Who was Eugenia de Montijo, the most wanted woman from Andalusia on Wikipedia?

To find the most wanted woman from Andalusia on Wikipedia, you have to go back to the 19th century. Specifically to May 5, 1826 in Granada, the birthplace of what would become one of the most admired and powerful aristocrats in Europe at the time. Her name: Eugenia de Palafox Portocarrero y Kirkpatrick or María Eugenia de Guzmán y Portocarrero (Granada, 1826 – Madrid, 1920), better known in society (and on Wikipedia, of course) as Eugenia de Montijo, Empress of France.

Her story is not far from that of a young woman from a wealthy family who manages to secure a brilliant social position thanks to strategic moves, in the case of her mother, Maria Manuela Kirkpatrick, from Malaga, who will go down in the chronicles of time as a of the best suitors for her two daughters. Yes, you read that right. María Manuela, also of good birth but with wealth diminished after her marriage to her “second son”, Cipriano Palafox y Portocarrero, conspired so that her two daughters, Francisca (better known as Paca) and Eugenia, would come to power door to the European aristocracy through marriage. And what if she succeeded: the first married the Duke of Alba and Eugenia, the main character of this story (and Wikipedia searches), with Napoleon III.

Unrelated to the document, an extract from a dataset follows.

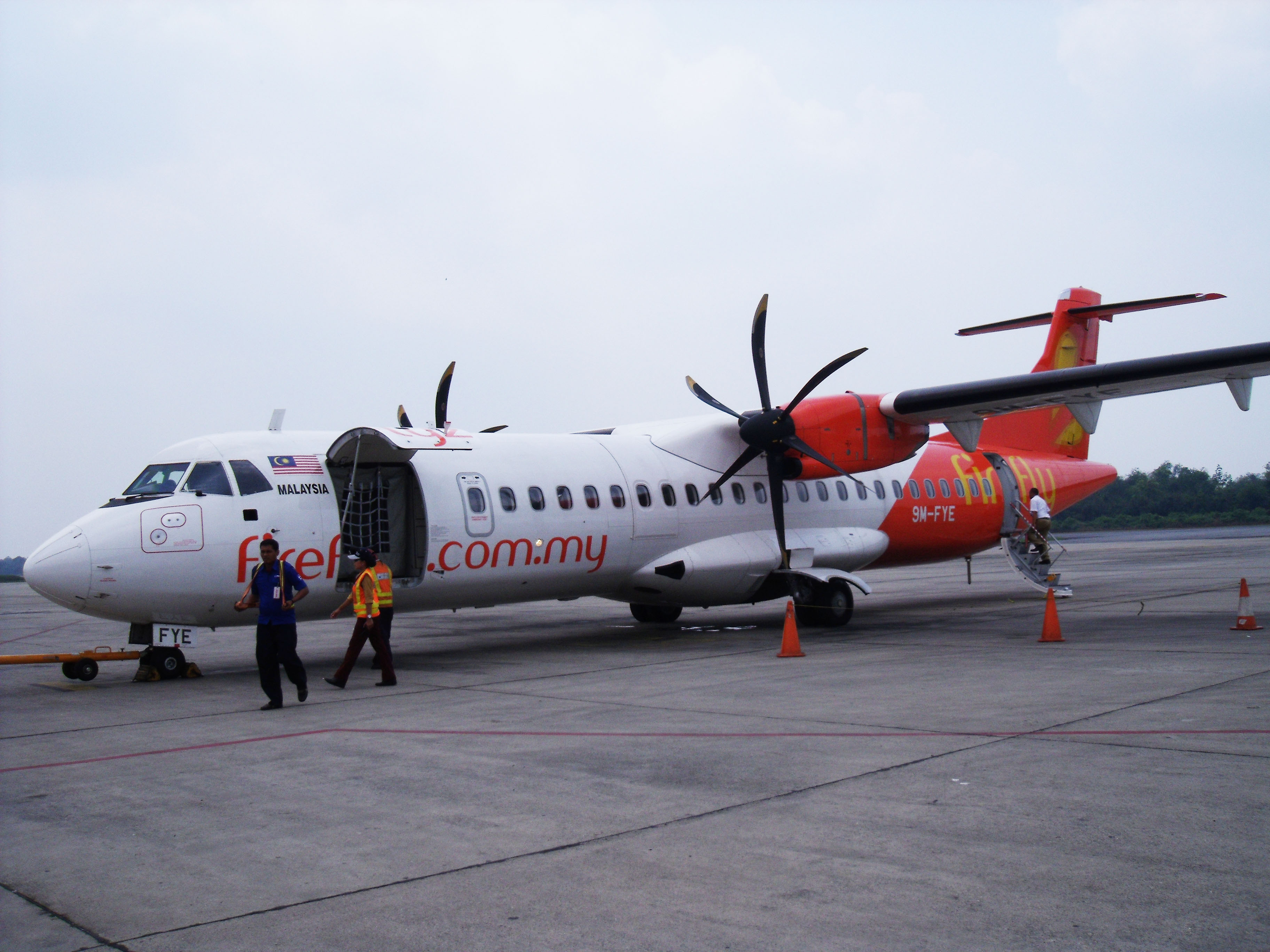 Firefly ATR72-500 at Riau Airport getting ready to fly to Subang Airport, Malaysia.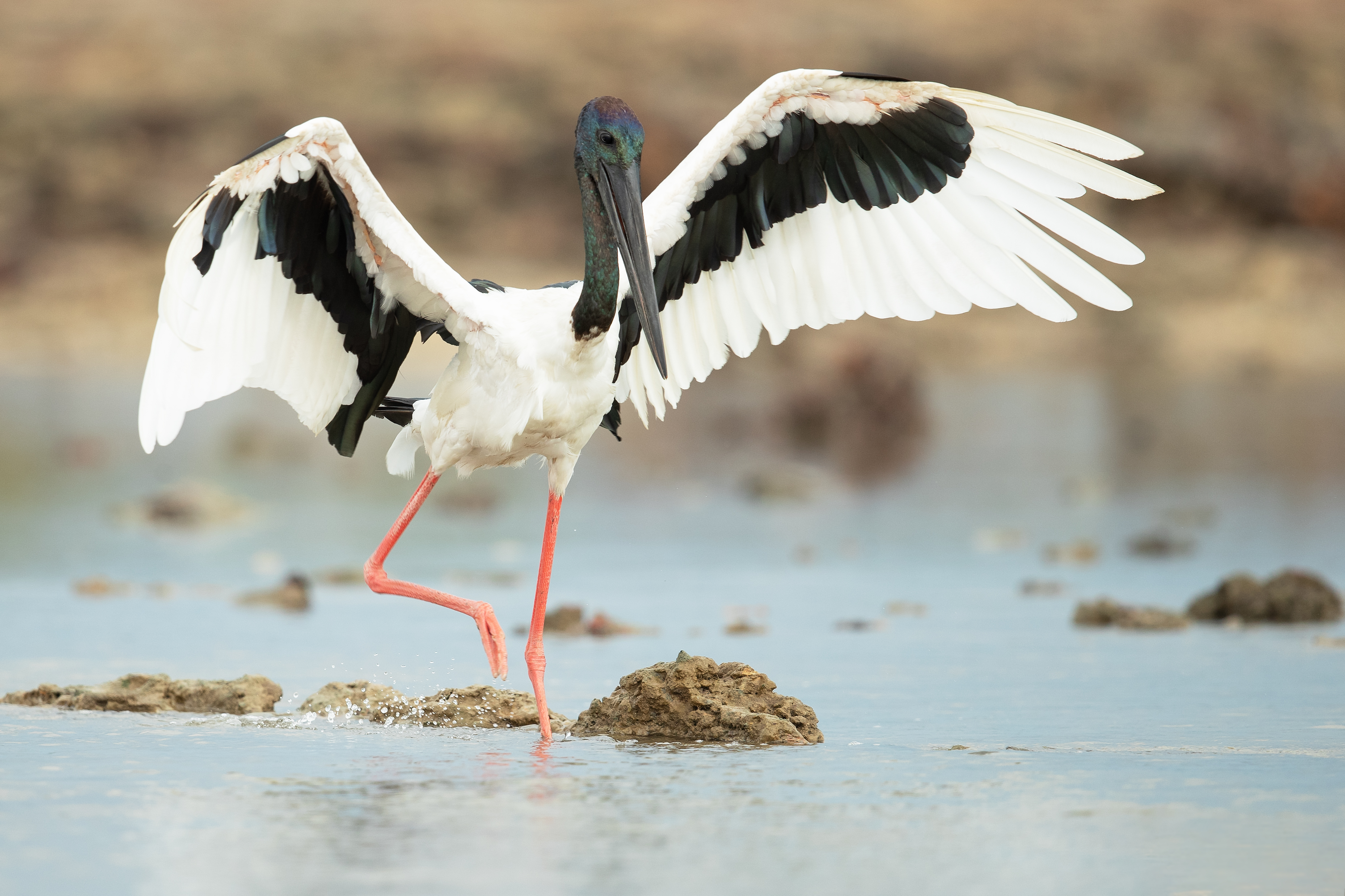 Black-necked Stork, Nightcliff, Darwin, Australia

Settled in Paris after Paca’s marriage – and thereby clearing one of their goals – Maria Manuela and Eugenia began visiting the most exclusive salons in the French capital. There, his young daughter met Louis Napoleon Bonaparte, who would become Emperor of France. His intense courtship, devoted to the charms of Eugenia, was not long in coming, although the marriage proposal did not take place until after his proclamation as emperor. The wedding, one of the most lavish in memory, took place in Paris: in January 1853 the civil marriage was celebrated at the Tuileries, and a few days later Notre Dame Cathedral was to be the scene of the religious marriage.

Above, a civil marriage of the emperors at the Tuileries. In the following image Eugenia de Montijo and her husband Napoleon III with their son Louis. Below, a portrait of the Empress in all her glory. Source: Wikipedia.

Eugenia’s life at court had much brightness, but also many shadows, which she compensated by her wide acceptance in those circles into which she and her mother so desired to enter. She soon comes face to face with her husband’s constant infidelities and the problems of providing an heir not only to the emperor but also to the French. The wish was fulfilled in 1856 with the birth of Napoleon Louis Eugene John Joseph Bonaparte, Prince Imperial and, for her, his beloved son Louis.

Admired and praised for her refined taste in dress, the empress influenced the fashions of the time to such an extent that even today there is a hat that bears her name: the “Eugene’s hat”, slanted and falling to the eye, with a folded brim and an ornament underneath the shape of an ostrich feather. He was also a great philanthropist.

Personally, Empress Eugenia had to face complicated relationships with her mother – in some writings she describes her as “cold and pragmatic” – and with her husband, as well as a time marked by deep political turbulence: shortly after the birth of their son, the emperors survived a frustrated attack; and in 1870, after the disaster of the Battle of Sedan, which ended the Franco-Prussian War, the Emperor Napoleon III was imprisoned and, on his release, dethroned.

The death of his only son

This event marks the life of the empress, who sees her trusted circle turn their backs on her and who also faces the pain of exile in England. After her husband’s death, she retired from social and political life to a villa in Biarritz. But exile was not the worst blow, for nine years after this escape to England his only son, aged 23, died in dramatic circumstances in what is known as the second Anglo-Zulu War. He did so, pierced by the Zulus.

From that moment on, the former empress of all the French always dressed in mourning. And he still had 40 years left to live. He also outlived his sister Paca, Duchess of Alba, who died prematurely at the age of 35, although he did not lose his connection to the House of Alba. In fact, Eugenia de Montijo died at the age of 94 in the Liria Palace, Los Alba’s residence, when she was visiting Madrid for treatment of health problems.

His life and that of his sister Paka have been the subject of hundreds of books and historical studies; but also couplets. The most important and mythical, the one composed by the masters Leon and Quiroga to be sung by the great Concha Picker and with a title for the protagonist of this story and of an entire era: “Maria Eugenia”.